Надоело без сроку Гаврилу Олексича ждать, а он, говорят, в Орде
завел себе другую жену, татарку. Вот боярыня и затужила. Кровь-то
у нее молодая, горячая, кипит, - вестимо, дурман-то в голову и
кинется.
- Верно! А может, ее опоили. У боярина недругов немало.
- Зачем! Это она от обиды. Такую умницу-красавицу, как наша
боярыня, и вдруг на басурманку сменить.
- А где же она, басурманка-то? Может, ее и не было?
- Нет, была! Пленные сами видели. Вот они и обмолвились...
- Все же сам подумай: постриг! Шуточное ли дело, ведь опосля
оттуда возврата нет...
Все разговоры, однако, сразу оборвались, когда забегали слуги
и стали сзывать некоторых близких дружинников гридницу на беседу к
боярину.
Не всех удалось собрать: одни ушли по своим дворам, других не
могли добудиться, - спали крепким сном после тяжелой дороги.

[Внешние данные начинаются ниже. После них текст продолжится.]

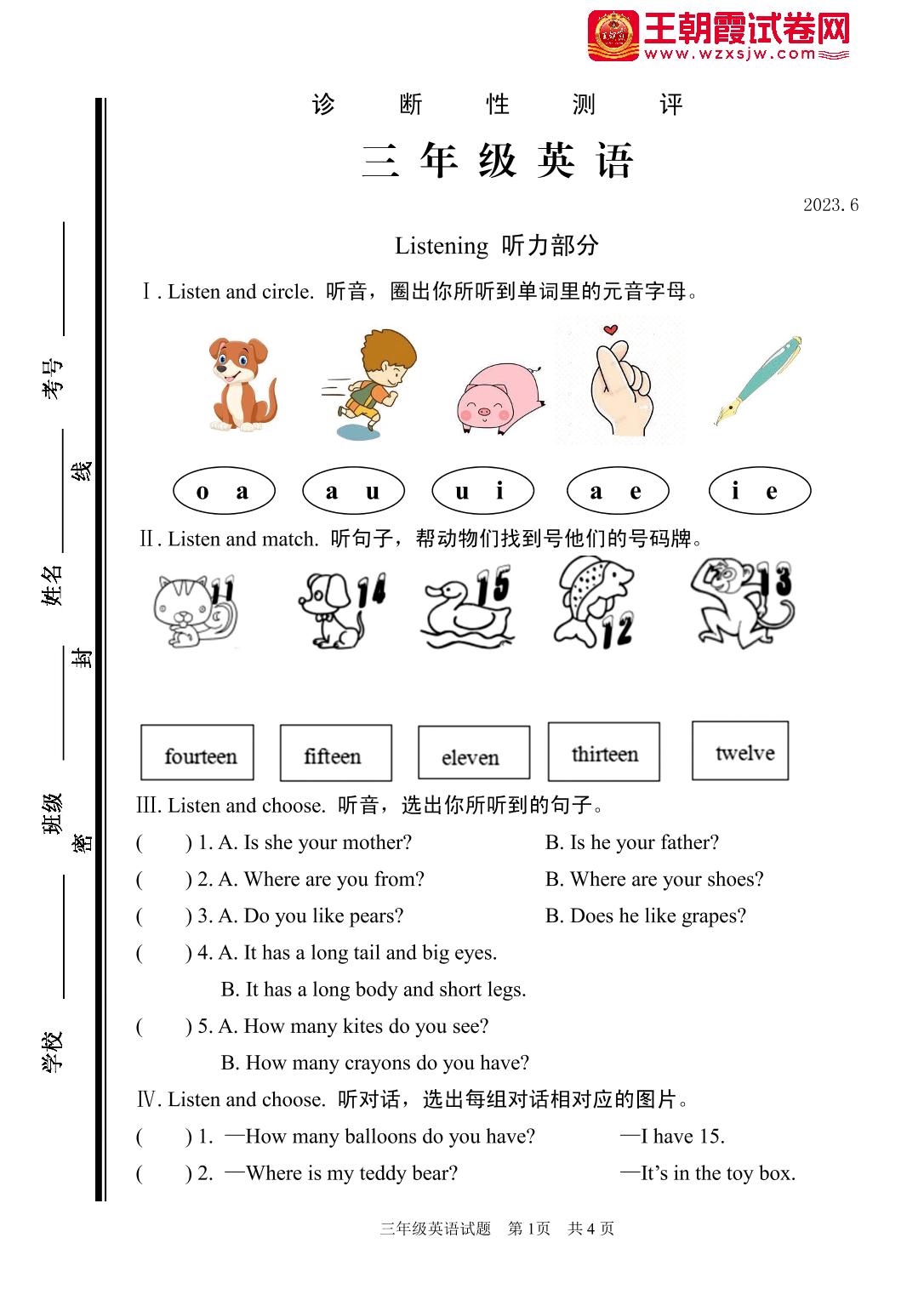 山东省枣庄市薛城区2022-2023学年下学期期末诊断学测评三年级英语(人教PEP版)【无听力音频】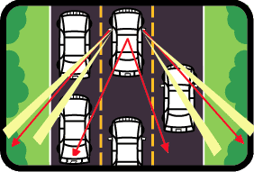 السيارة تنساب بين المرآتين. بعد ذلك يتم
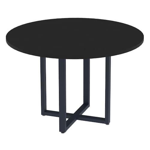 Mesa De Reunião Redonda P25 Pandin 110 Cm (largura) Tampo Mdp Preto Pé Aço Tubular Azul Del Rey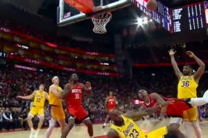 GIF-阿门冲筐造詹姆斯犯规 后者示意挑战
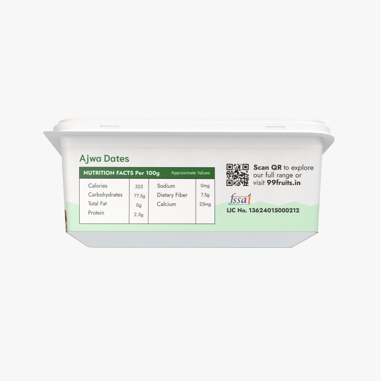 - Ajwa dates are a nutrient-dense, tasty snack packed in 99 fruits regular package.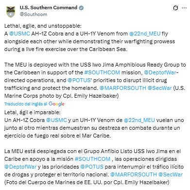 La publicación del Comando Sur se centró en la maniobrabilidad y capacidad de combate de dos tipos de helicópteros del Cuerpo de Marines de EE. UU. (USMC):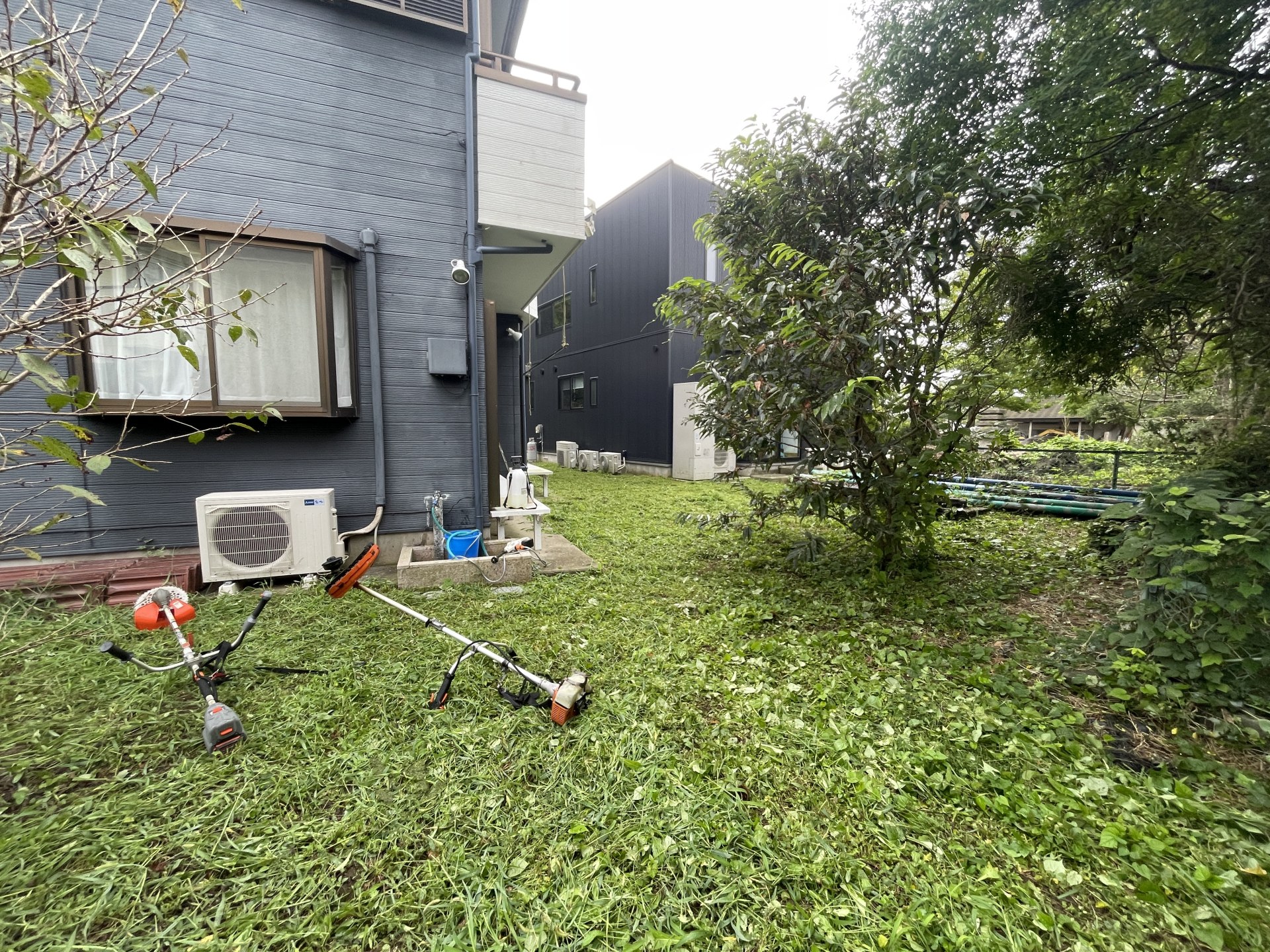 自宅・宿坊の庭の草丈がだいぶ伸びてきたので、朝一で草刈り機をまわしての作業。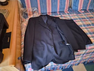 Talla 52,nueva,todavia conserva el plastico unido a la chaqueta de los botones de repuesto, bolsillo interior con botón de cierre para llevar documentos, llaves...,Tres bolsillos delanteros uno con cremallera, usada para reuniones de trabajo,Necesita limpieza,tintoreria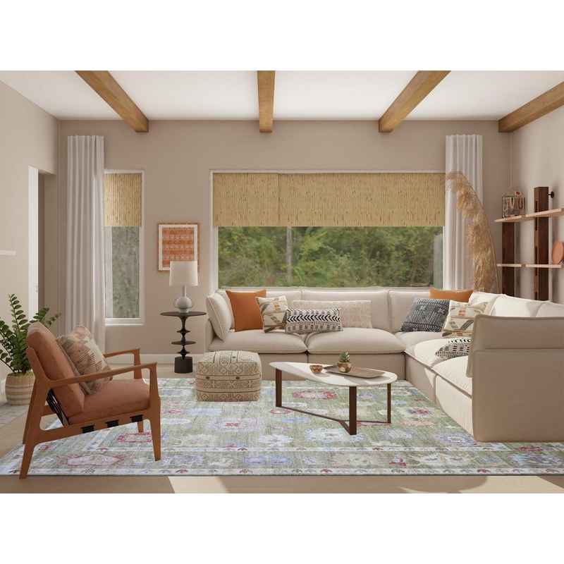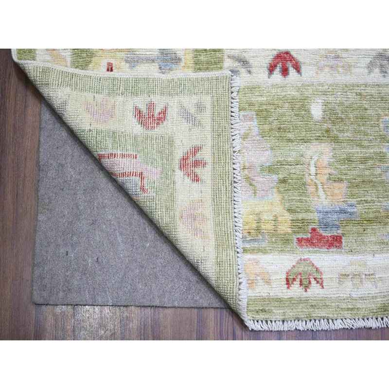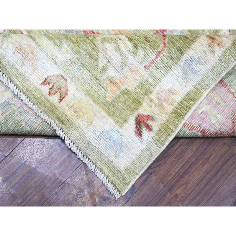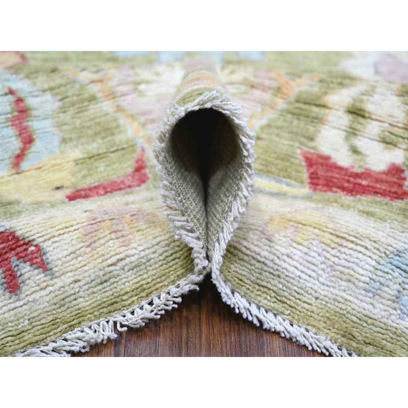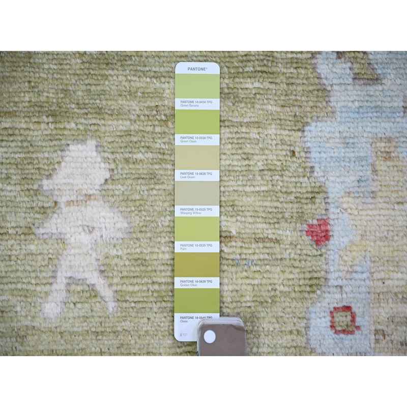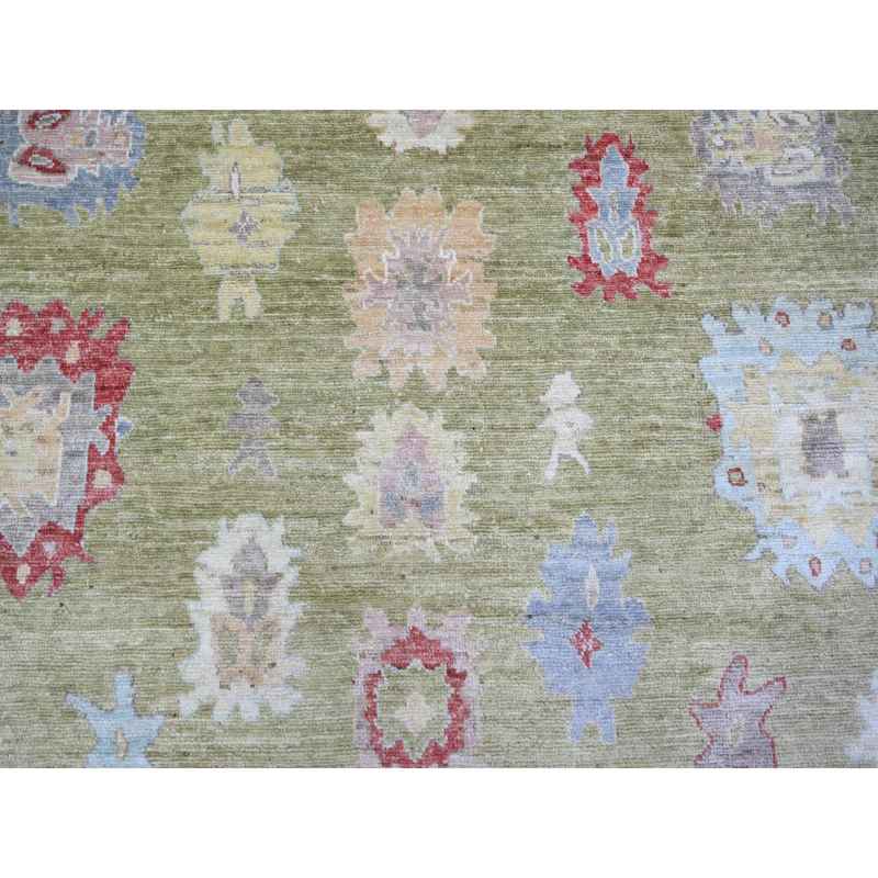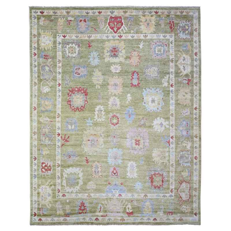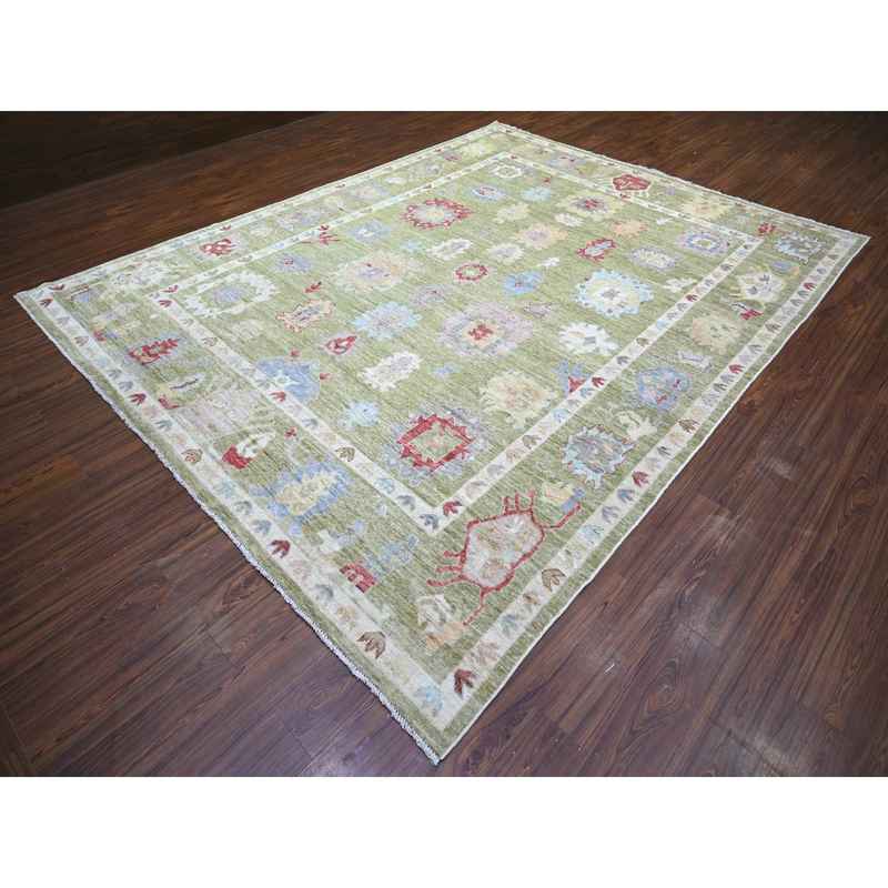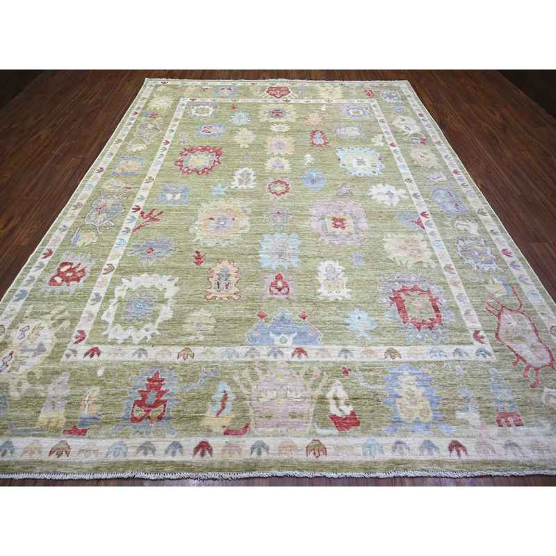 9’x11’6″ Golden Green, Pure Wool Hand Knotted, Afghan Angora Oushak with Colorful Motifs, Oriental Rug Sh73581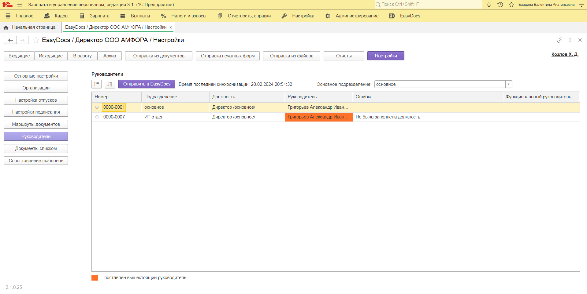 Выгрузка дополнительных руководителей в EasyDocs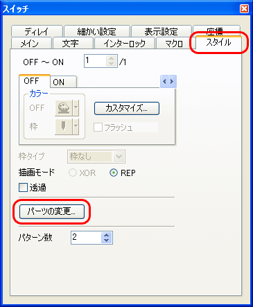 [スイッチ]アイテムビュー→[スタイル]→[パーツの変更]をクリックします。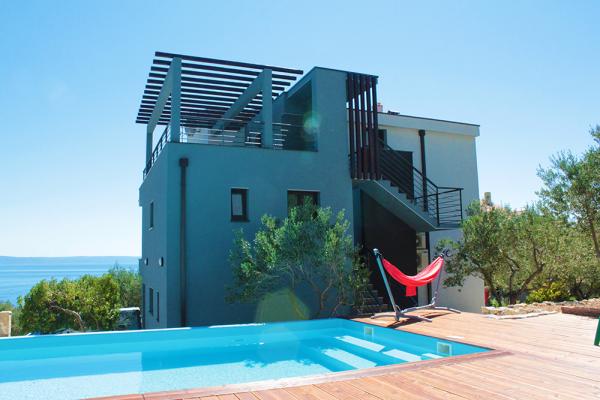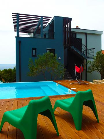 Villa in an olive grove above Makarska with a large swimming pool (8 x 4 meters). This is not a typical house for rent but holiday home of a large family whose every part individually decorated according to the wishes and needs of that part of the family that the space used. The house is divided into three separate units - two-floor apartment, studio and loft apartment with a large terrace with a wonderful view of the sea and islands in the south, and the mountain slope to the north. Each unit is fully furnished differently, and the whole house is equipped with 5 bathrooms, 3 kitchens, 6 bedrooms, two living rooms. It is surrounded by olive trees where there is a summer terrace with grill area. In short, the right place for rest and entertainment.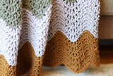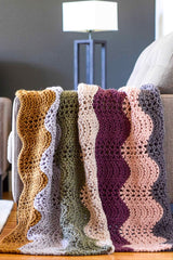 Seven rich colors, squishy, cozy texture and beautiful patterning come together to create this easy knit throw. The ultimate fall and winter blanket, it’s made for curling up by the fire! The super simple repeat makes for a fun knit and it’s beginner friendly. A quick knit, this blanket work up like a dream with chunky yarn and big needles. Perfect to drape over your couch season after season.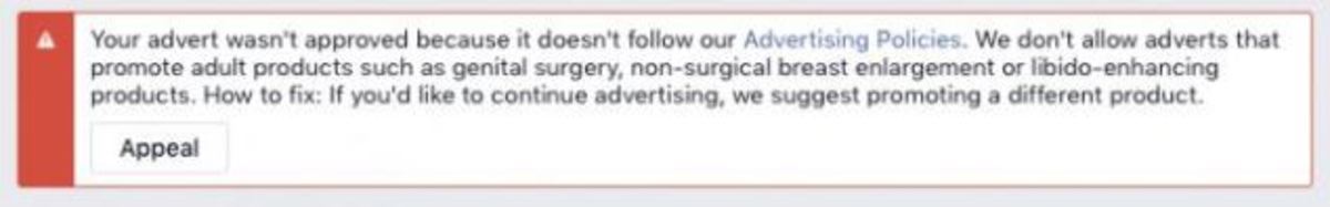 Η ανάρτηση που απαγορεύτηκε από το Facebook, επειδή χρησιμοποιούσε την λέξη «λίμπιντο», η οποία πάντως δεν υπάρχει στην διαφήμιση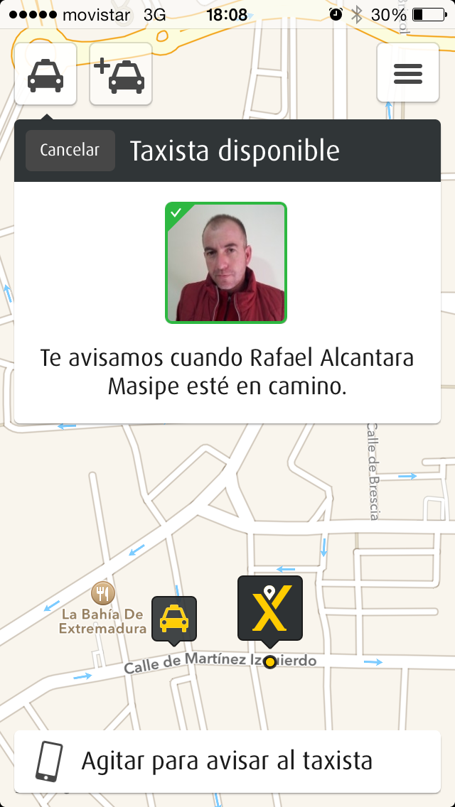 En mi caso he especificado que quería el taxi ahora y en menos de dos minutos ya estaba allí. Ha sido realmente rápido, aunque también es cierto que estaba en una zona bastante transitada. Durante el tiempo que ha tardado en llegar he podido ver en la pantalla cuál era el taxi que me había sido asignado y cómo se movía por las calles. Además se puede ver la foto del taxista, el modelo de coche, la matrícula e incluso es posible llamar directamente al taxista desde la aplicación.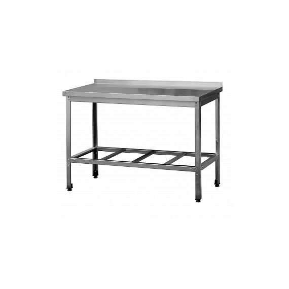 а также в качестве вспомогательной поверхности для кухонного оборудования: разборная конструкция, какркас выполнен из профильных элементов оцинкованной. стали толщиной 0,8 и 1,5 мм. Столешница выполнена с бортом (пристенного типа) из нерж. стали марки AISI 430 толщиной 0,6 мм и усилена подложкой из ДСП толщиной 16мм. Полка решетчатая. Стол оснащен регулируемыми по высоте опорами. Габариты: 800*700*860.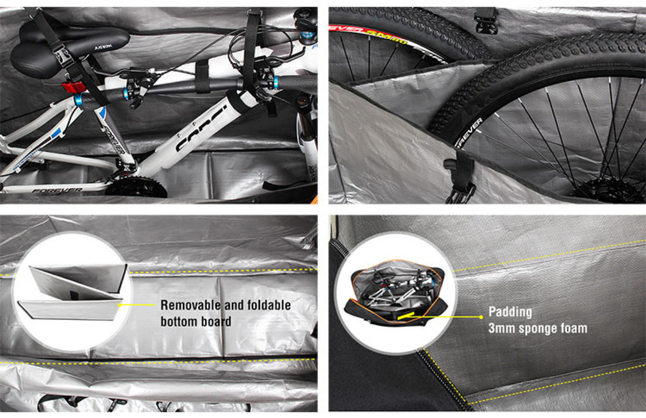 MULTI-USE BIKE TRANSPORT BAG– This bike carrier bag is perfect for any traveler with a cycle. Portable storage for most sizes and kinds of bicycle. The most convenient way to store your full size bike . You can take it on a bus, train, car or even boat trip. Do not suggest using it for transporting your bike by air.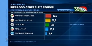Secondo i dati relativi al riepilogo nazionale dei voti di lista nelle elezioni regionali il terzo partito è Lega Nord, quarto posto Forza Italia

Оправляя кафтаны, приглаживая длинные кудри, туже затягивая
пояса, дружинники поднимались по скрипевшим ступеням в знакомую
издавна гридницу. Все, казалось, на месте, как раньше бывало: и
большие образа в углу в серебряных ризах, и скамьи, крытые
червленым аксамитом. Так же сквозь обледенелые слюдяные оконца
пробивались солнечные лучи и веселыми пятнами играли на широкой
скатерти, расшитой мудреным узором.
Еще утром, повидав всех домашних, Гаврила Олексич собрался
пойти к Александру Ярославичу, чтобы подробнее рассказать ему о
своей поездке к Батыю, но узнал, что князь на охоте и вернется в
Новгород только дня через два. Значит, тем временем можно было
заняться своими делами и отдохнуть.
Сейчас, без кафтана, в расстегнутой рубашке, с голой грудью,
на которой виднелась серебряная цепочка с иконкой и ладанкой, он
сидел, откинувшись назад, в красном углу, широко расставив на
медвежьей шкуре длинные босые ноги. Татарские пестрые сафьяновые
сапоги небрежно валялись под скамьей.
Он тяжело дышал и обводил угрюмым взглядом входивших, которые
ему низко кланялись и становились кучкой близ двери. Возле Гаврилы
Олексича, на краю стола, красовалась большая деревянная ендова и
чеканной работы ковшик.
- Здравствуй на многие лета, Гаврила Олексич, - сказал
старший из дружинников, высокий и степенный, поглаживая густую
рыжеватую бороду и пытливо всматриваясь в побледневшее, но по-
прежнему красивое лицо Гаврилы, то и дело облизывавшего сухие,
воспаленные губы.
- Здравствуйте, ребятушки! - воскликнул тот, будто очнувшись
от забытья. - Садитесь поближе. Сейчас потолкуем. Эй, челядь!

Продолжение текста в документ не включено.